Statistical analysis
The differences in serum concentration between the
groups were analyzed by the Student’s t-test and one-way analysis
of variance (ANOVA). Adjustment of age and gender was also
performed by two-way ANOVA. The optimal cut-off values for FDP and
CYFRA 21-1 were obtained by receiver operating characteristics
curve analysis. Diagnostic performance was described in terms of
sensitivity, specificity and area under the curve (AUC) by receiver
operating characteristics analysis. The association between FDP and
CYFRA 21-1 in lung cancer patients was assessed by Pearson’s
correlation test. P<0.05 was considered to indicate a
statistically significant difference. All the statistical data
analyses were performed using SALT Version 2.0 (Istech Inc., Korea)
software.
Results
Serum levels of tumor markers
The mean serum FDP level in lung cancer patients was
35.01±229.02 μg/ml (range, 0.30–2200.00 μg/ml), which was
significantly higher compared to the non-cancerous subjects,
including patients with benign lung diseases and healthy controls
(0.60±0.75 μg/ml; range, 0.20–8.90 μg/ml; P=0.039). The mean serum
CYFRA 21-1 level was significantly higher in lung cancer patients
(4.50±6.70 ng/ml; range, 0.50–51.30 ng/ml) compared to the
non-cancerous subjects (1.40±0.83 ng/ml; range, 0.20–5.70 ng/ml;
P<0.05) (Fig. 1). No significant
differences for the tumor markers were observed between the
patients with benign lung diseases and the healthy control group
(Fig. 2).
Association between the tumor markers and
pretreatment clinicopathological characteristics in lung
cancer
The mean levels of each tumor marker stratified by
clinicopathological characteristics of lung cancer patients are
listed in Table II. The levels of
FDP and CYFRA 21-1 were significantly higher in current smokers
compared to non-smokers (P=0.044 and P<0.001, respectively).

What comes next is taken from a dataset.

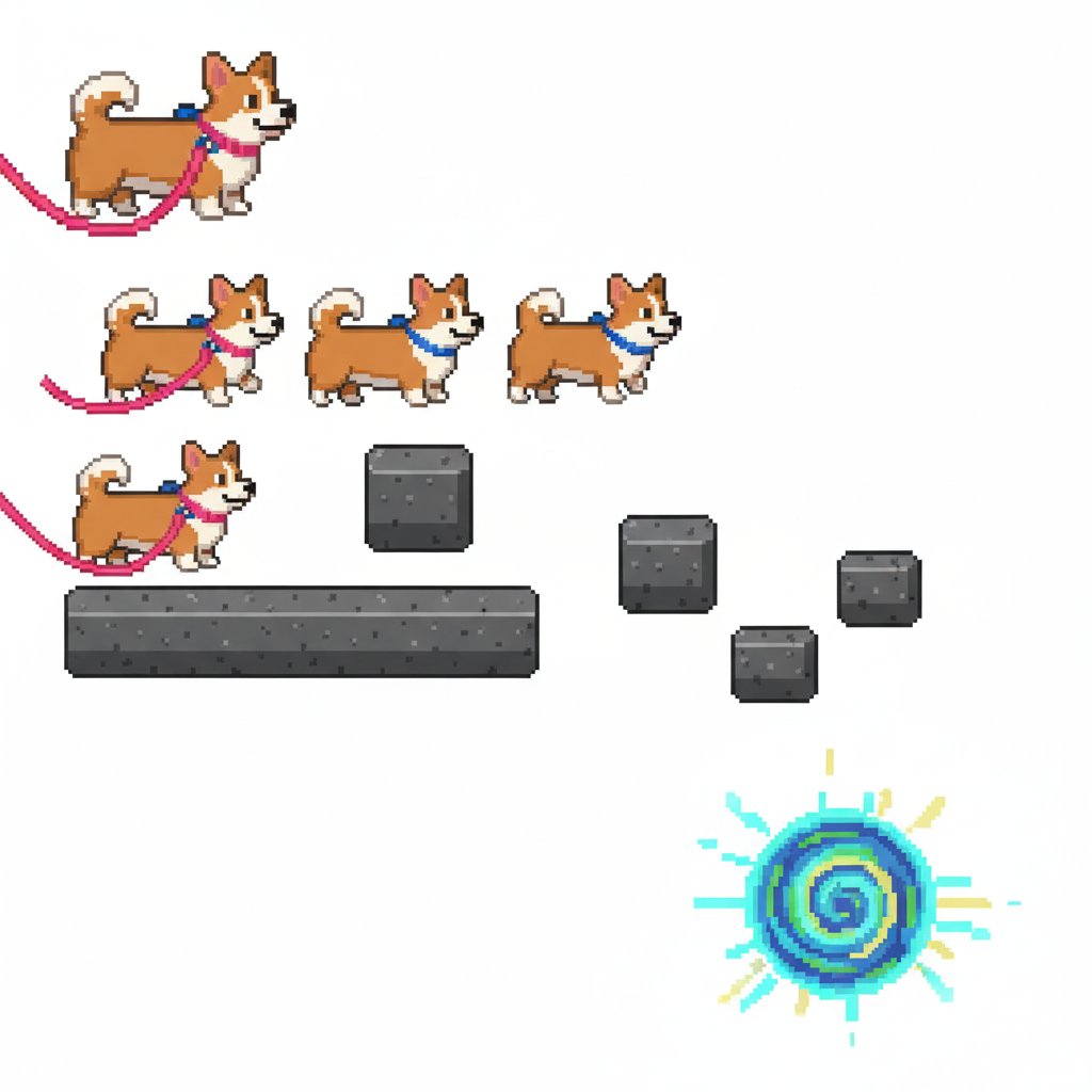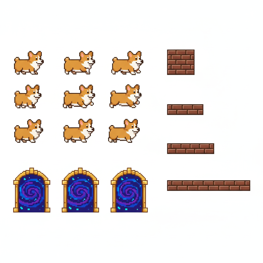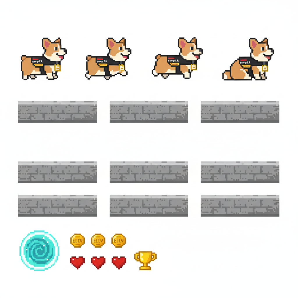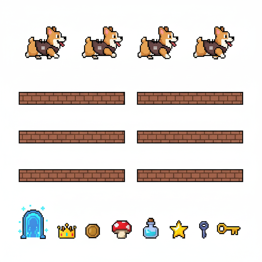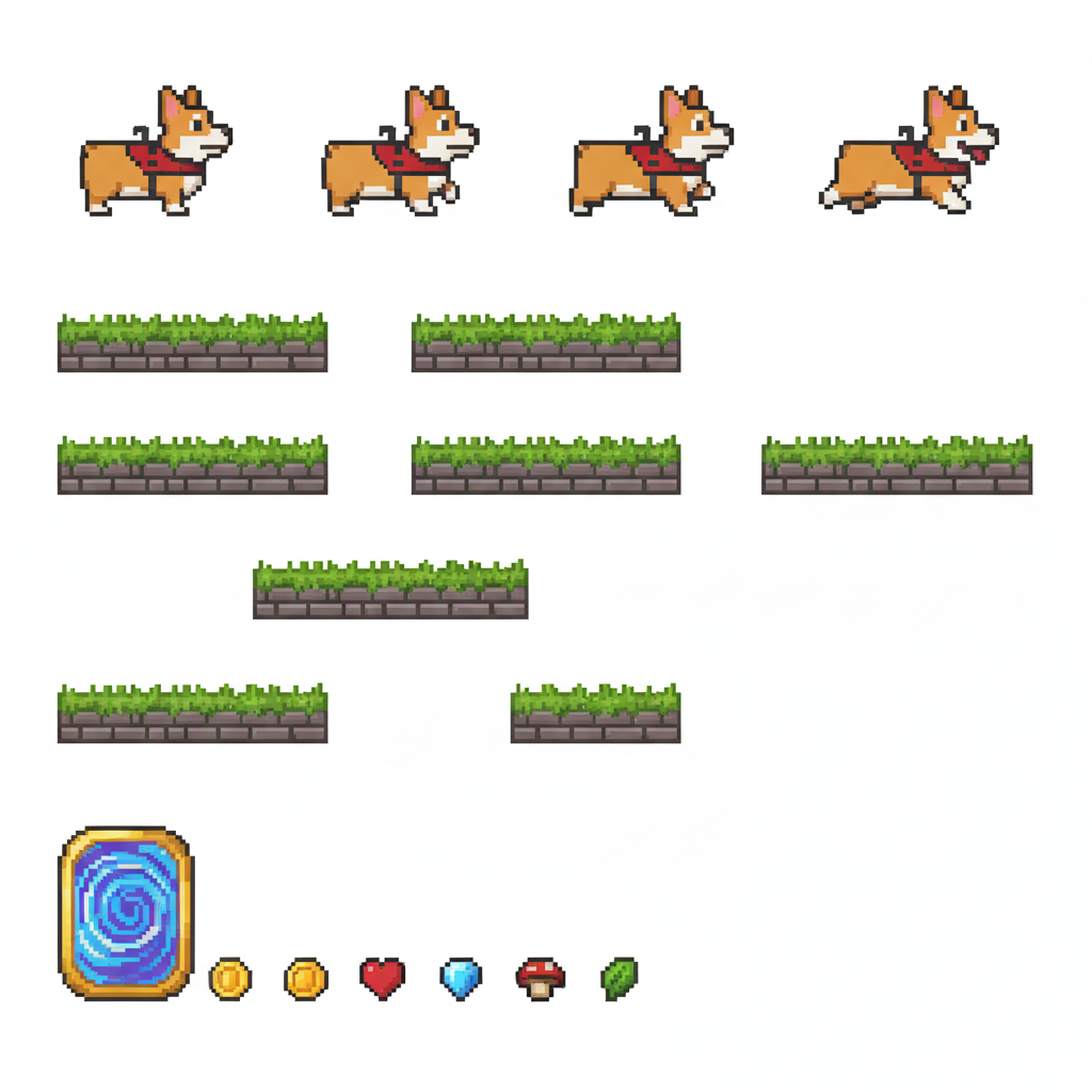"sprite_selection_reasoning": "VISUAL ANALYSIS: panel_0-3 depict a Corgi dog (animation frames). panel_4 is a stone wall. panel_5 and panel_6 are wide wooden\/metal platforms. panel_8 is a tall structure (Leaning Tower). panel_10 is a wide element (Arch\/Sign). panel_11-15 are small items (coffee, pizza, etc.). CHOSEN: Player=panel_0 (Corgi). Goal=panel_8 (Tower) as it serves as a tall, visible landmark. Platforms=panel_5, panel_6, panel_10 (all wide\/landscape). Collectibles=Small items (panel_11, panel_12, panel_13, panel_14)."

There were no significant differences in the serum levels of FDP or
CYFRA 21-1 based on age, gender and pathological cancer type or
tumor stage, with the exception of a significant increase in the
serum levels of CYFRA 21-1 in squamous cell carcinoma compared to
the other types of cancer.
| Table IIFDP and CYFRA 21-1 concentrations in
patients with lung cancer. |
Table II
FDP and CYFRA 21-1 concentrations in
patients with lung cancer.
| Variables (n) | FDP, μg/ml mean
(range) | P-value | CYFRA 21-1, ng/ml
mean (range) | P-value |
|---|
| Age, years |
| ≤62 (105) | 10.3 (0.3–912.6) | 0.131 | 3.9 (0.5–51.3) | 0.263 |
| >62 (88) | 64.5
(0.3–2200.0) | | 5.1 (0.9–23.3) | |
| Gender |
| Male (171) | 39.4
(0.3–2200.0) | 0.464 | 5.4 (0.5–123.0) | 0.285 |
| Female (22) | 1.3 (0.3–2.9) | | 2.8 (1.0–14.6) | |
| Current
smokinga |
| Yes (123) | 54.0
(0.3–2200.0) | 0.044 | 5.6 (0.6–51.3) | <0.001 |
| No (58) | 1.7 (0.3–10.2) | | 2.5 (0.6–10.9) | |
| Type |
| SCLC (7) | 2.4 (0.7–9.4) | 0.629 | 4.3 (1.8–9.0) | 0.048 |
| ADC (63) | 46.2
(0.3–2200.0) | | 4.4 (0.9–51.3) | |
| SCC (72) | 51.8
(0.3–1892.8) | | 7.7 (0.6–123) | |
| Othersb (51) | 1.9 (0.3–10.2) | | 2.3 (0.6–20.1) | |
| Stage |
| I (58) | 96.8
(0.3–2200.0) | 0.095 | 4.9 (0.6–47.9) | 0.460 |
| II (32) | 1.4 (0.3–2.7) | | 6.1 (1.2–23.3) | |
| III (38) | 25.7
(0.3–912.6) | | 6.9
(1.3–123.0) | |
| IV (65) | 1.9 (0.3–9.4) | | 3.6 (0.5–51.3) | |
Diagnostic performance of tumor markers
for lung cancer
The accuracy, sensitivity and specificity of serum
FDP for the diagnosis of lung cancer at a cut-off value of 0.67
μg/ml were 80, 86 and 75%, respectively (Fig. 3A). The diagnostic accuracy,
sensitivity and specificity of CYFRA 21-1 in the same serum samples
at a cut-off value of 1.65 ng/ml were 75, 77 and 74%, respectively
(Fig. 3B). The AUC for FDP was 0.87
[95% confidence interval (CI), 0.83–0.90], which was higher than
that of the AUC for CYFRA 21-1 at 0.83 (95% CI, 0.79–0.87). The
sensitivity and specificity of serum FDP combined with serum CYFRA
21-1 were 95 and 57%, respectively.
Correlation of serum FDP with CYFRA
21-1
There was no correlation observed between the serum
FDP and CYFRA 21-1 levels in lung cancer patients (r=0.038;
P=0.599).
Discussion
The present study demonstrated that the mean serum
FDP level was higher in lung cancer patients compared to the
non-cancerous subjects. Consistent differences in the level of
components, such as FDP, are the pathophysiological basis for the
detection of lung cancer using tumor markers. Additionally, FDP had
a high lung cancer detection rate with a sensitivity of 85% and
specificity of 75% at a cut-off value of 0.67 μg/ml. These results
are comparable to those of CYFRA 21-1, which had a sensitivity and
specificity of 77 and 74%, respectively, at a cut-off value of 1.65
ng/ml. In comparison to CYFRA 21-1, FDP appeared to be improved
with regards to clinical performance expressed as AUC (0.87 vs.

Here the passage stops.